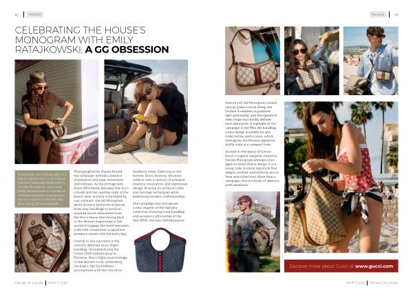 Photographed by Daniel Arnold, the campaign unfolds a balance of presence and ease, movement and stillness. As the protagonists move effortlessly between the city’ s crowds and the carefree calm of the beach, their journey is threaded by one constant, the GG Monogram. Worn across a spectrum of pieces, from new handbags to archivalinspired travel silhouettes from the Gucci Savoy line tracing back to the House’ s beginnings in the world of luggage, the motif becomes a discreet companion, a signature presence woven into the everyday.
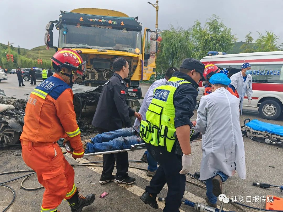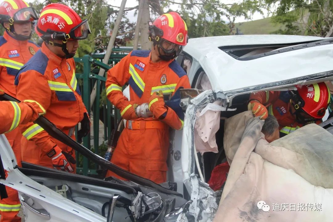 接到調令后,香格里拉消防救援站立即出動2車13人前往處置,到達現(xiàn)場后,發(fā)現(xiàn)一輛小轎車與一輛貨車相撞,轎車嚴重受損變形,車內安全氣囊已彈出,副駕駛位被困人員頭部、腿部多處受傷無法動彈,意識模糊,有嚴重生命危險。
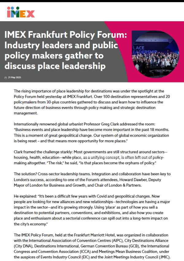 This inaugural, invite-only business and professional events Global Policy Forum is a collaborative initiative between ECA, UFI – the Global Association for the Exhibition Industry, and MAD Event Management. The focus will be on key public policy issues shaping events around the world, including: sustainability; talent; and international travel and commerce. From ECA…
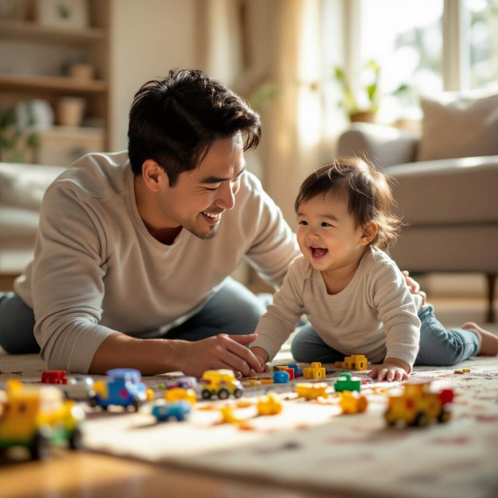 This image shows a Filipino father and his toddler sharing a happy moment on the living room floor, surrounded by toys. Natural light creates a warm, cinematic atmosphere, captured in photorealistic detail.
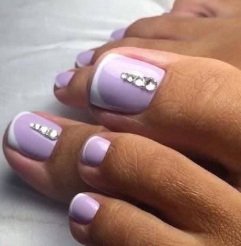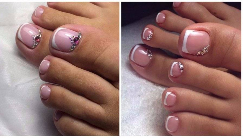 Для того чтобы он смотрелся естественны и изысканно, необходимо, чтобы ногти были не короткими, аккуратно подстрижены. Желательно закруглить уголки, а вдоль окантовки можно расположить ряд неброских страз – в этом случае ваши ноги будут выглядеть отлично. Хочется разнообразить классический вариант?
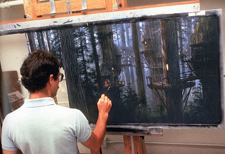 Christopher Evans painting a matte painting of the ewok village.
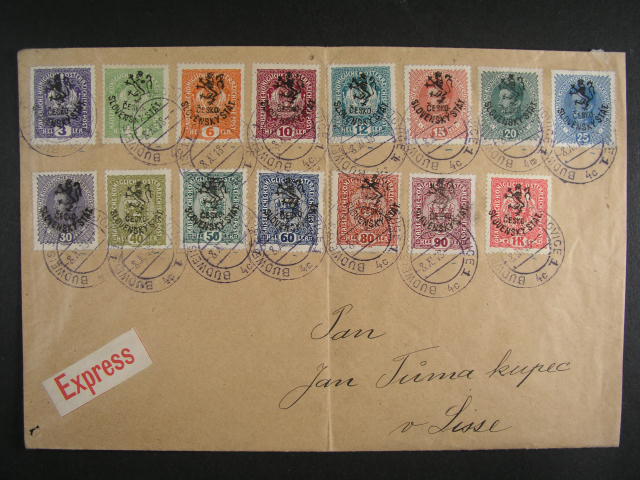 EXPRES-obalka vetsiho formatu s vylepenymi zn. RV 85 - RV 99 s raz. BUDEJOVICE 8.11.18

● ● ● ● ● ● ●

## Task details
Give again, please, precisely the lines that begin the records and run through the line with "接到調令后,香格里拉消防救援" in it, keeping both end lines and dropping any pictures.

## Answer to the problem
 Photographed by Daniel Arnold, the campaign unfolds a balance of presence and ease, movement and stillness. As the protagonists move effortlessly between the city’ s crowds and the carefree calm of the beach, their journey is threaded by one constant, the GG Monogram. Worn across a spectrum of pieces, from new handbags to archivalinspired travel silhouettes from the Gucci Savoy line tracing back to the House’ s beginnings in the world of luggage, the motif becomes a discreet companion, a signature presence woven into the everyday.
 接到調令后,香格里拉消防救援站立即出動2車13人前往處置,到達現(xiàn)場后,發(fā)現(xiàn)一輛小轎車與一輛貨車相撞,轎車嚴重受損變形,車內安全氣囊已彈出,副駕駛位被困人員頭部、腿部多處受傷無法動彈,意識模糊,有嚴重生命危險。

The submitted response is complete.